もちろんホームセンターなどに売っているような普通のネイルハンマーではない。
拝揖院の武具製造部門によって作られた、霊的な存在にも触れることのできる特別なネイルハンマーだ。
それを右手に握り振り回す。
釘抜きの部分で飛びかかってくる蛇を切り裂いた。
「ちっ!」
串間兄は鞭で地面を何度も何度も打つ。
それにより大量の蛇が出現し、梓真に襲いかかる。
「無駄だって〜」
それをネイルハンマーで一匹残らず八つ裂きに。
「クソが!」
また地面を鞭で打つ。
今度は亀裂の入った部分を何度も。
亀裂が大きくなり、それによって出現する蛇も比例して巨大になった。
「アナコンダって昔の映画思い出すな〜」
自身の身の丈よりはるかに大きい蛇を目の前に呑気なリアクションを取る梓真。
ネイルハンマーを一旦しまい、両手を合わせる。
「禍仕分手」
梓真と串間兄、そして大蛇が間世に転移する。
「それじゃ行くよ〜」
きょろきょろと周囲を見渡している串間兄をよそに、梓真は再びネイルハンマーを取り出し、大蛇に殴りかかる。

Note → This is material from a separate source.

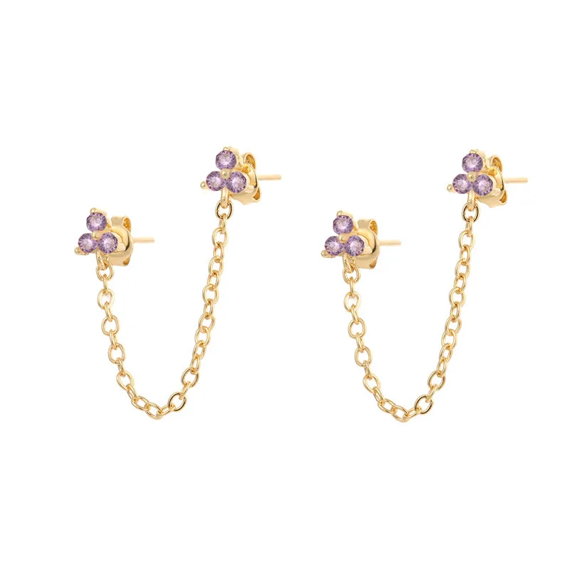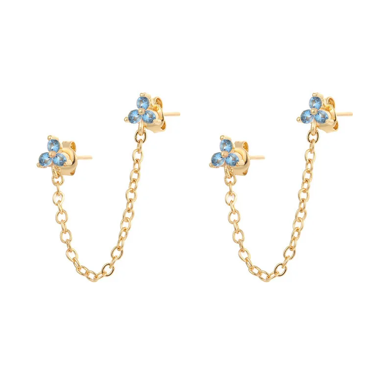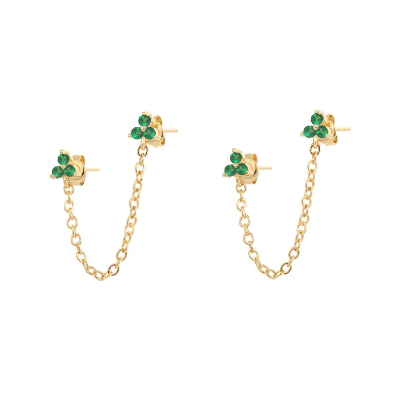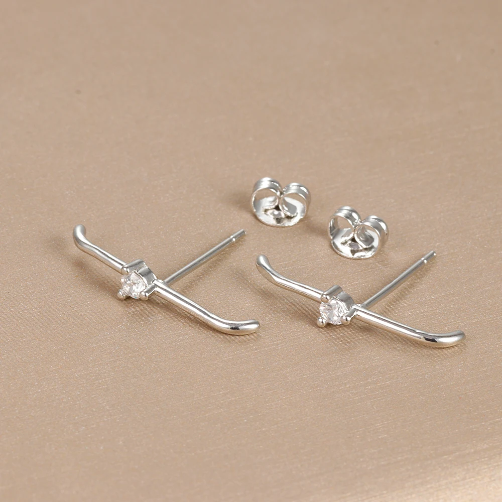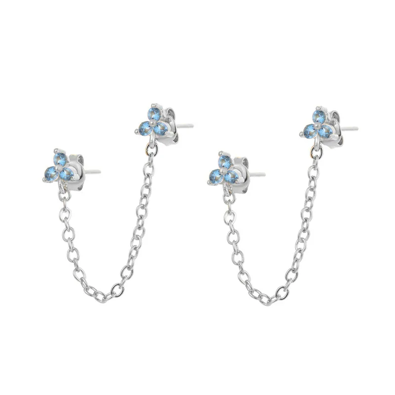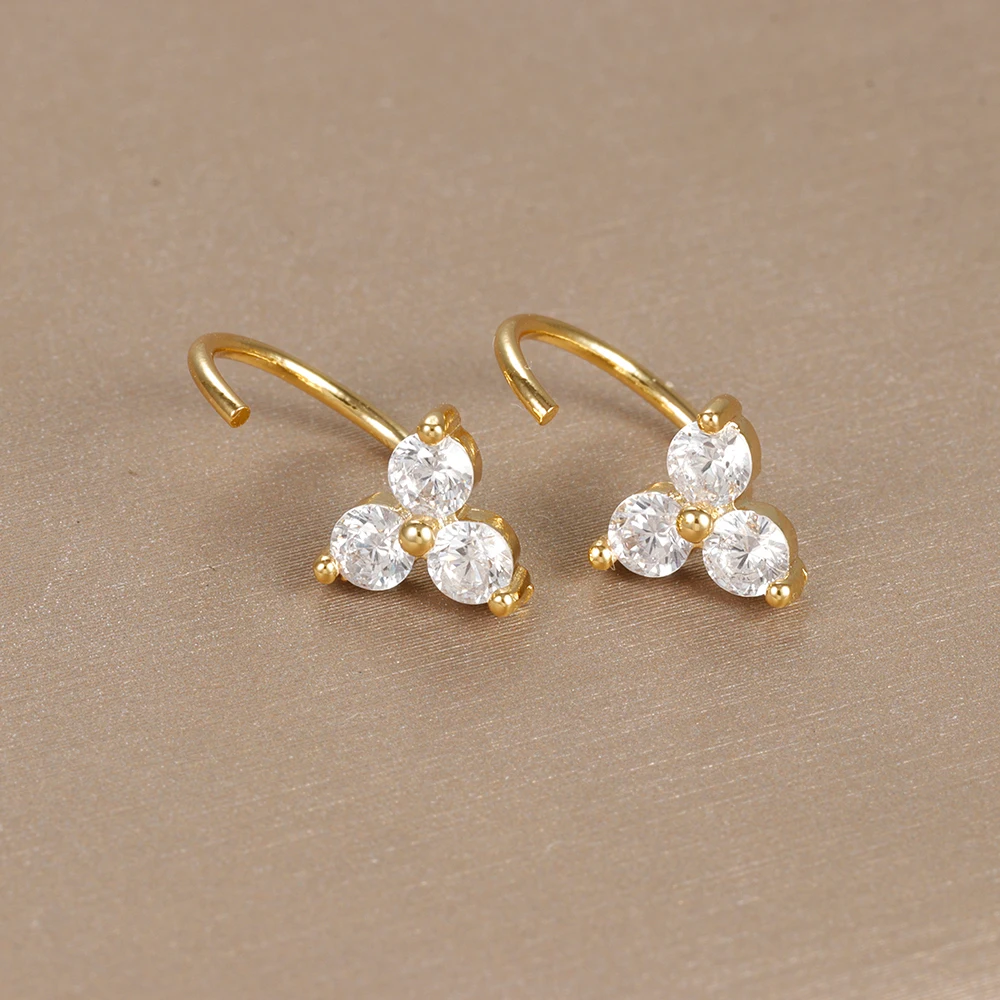 New Stainless Steel Cubic Zirconia Link Chain Ear Studs Earrings For Women Triangle Pendant Cartilage Earrings Piercing Jewelry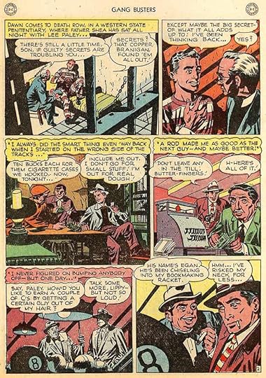 The genre of “true crime” magazines became popular in the 1930s, often focusing on headline-grabbing gangsters like Al Capone and John Dillinger. The first comic to follow the trend was CRIME DOES NOT PAY by Charles Biro and Bob Wood for Lev Gleason Publications, beginning with issue #22 dated July 1942. It proved popular, and reached sales of over 1 milllion copies a few years later. Biro and Wood’s comics were known for their gore and violence and tackled adult subject matter like sex and drug use. Other publishers followed with similar comics, as is usually the case, with perhaps the most shocking content appearing in the crime titles from EC Comics in the early 1950s. DC (National) Comics entered the genre with this title’s first issue dated Dec. 1947-Jan. 1948, but it was tamer and less violent than crime comics from other publishers, and it was based on a popular radio show that ran from 1936 to 1957 and also spun off into a successful movie and a TV show. The radio show was overseen by FBI chief J. Edgar Hoover, and could only depict closed cases, but of course it played up the violence when possible. DC’s version seems to have tried to follow the radio show plan at first, but I don’t know if any of the comics were close adaptations of the radio programs or not. Certainly as the comic went on it veered off into more fanciful directions. I’m not sure who designed the logo and did the cover lettering for the first issue, it might have been Ira Schnapp, or it might have been the unknown letterer whose work inspired Ira that I’ve nicknamed Proto-Schnapp. Proto-Schnapp did a lot of inside page lettering for the title early on. Ira did very little, his work was mostly on covers, starting later.

シャーと威嚇しながら噛みついてくる大蛇の横面を思いっきりネイルハンマーの槌の部分で殴り飛ばす。
大蛇は身体を浮かせ、輸送コンテナの山にぶち当たる。
それを見た串間兄は同じように数匹の大蛇を出現させけしかける。
「"鰭姫"」
梓真が憑霊術を発動。
大小さまざまな泡が出現し、ふよふよと漂う。
それは大蛇の頭部に接触するとパンッと音を鳴らしながら破裂。
大蛇の頭部を吹き飛ばした。
「なにっ!?」
「一度見てるよね〜?」
うろたえる串間兄の直ぐ側にも泡が。
接触する前に破裂し、その衝撃で吹き飛ばす。
「ぐおおおおっ!?」
数メートル吹き飛び壁を破って倉庫の中へ。
梓真はゆっくりとそれを追う。
「ぐっ……このっ……」
よろよろと立ち上がる串間兄。
さほど大きなダメージは見られず、まだまだ元気なようだ。
「舐めんじゃねえぞぉぉぉ!」
怒鳴りながら、やたらめったらに鞭を振り回す。
倉庫の床や天井。
無数に積み上げられている輸送コンテナ。
それら至るところに蛇行した亀裂が刻まれ、蛇に変化。
それら大量の蛇が津波のように梓真に迫る。
「こんな光景、蛇嫌いの人だったら卒倒しちゃうだろうな〜。蛇嫌いじゃなくて良かった〜」
そんな状況でも梓真は余裕だ。
負けず劣らずの大量の泡を発生させ、蛇の津波にぶつける。
当たったそばから破裂していき、次々と蛇を木っ端微塵にしていく。
「ほらほら〜。生産が追いついてないよ〜」
「ぐっ! このクソ野郎がっ!」
鞭を振り回し蛇を発生させてゆく串間兄。
しかし、それより速く泡が蛇を消し飛ばしていく。
蛇を出現させるためには鞭で亀裂を刻む必要がある串間兄と、棒立ちのままで泡を発生させられる梓真とでは、生み出すペースに大きな差がある。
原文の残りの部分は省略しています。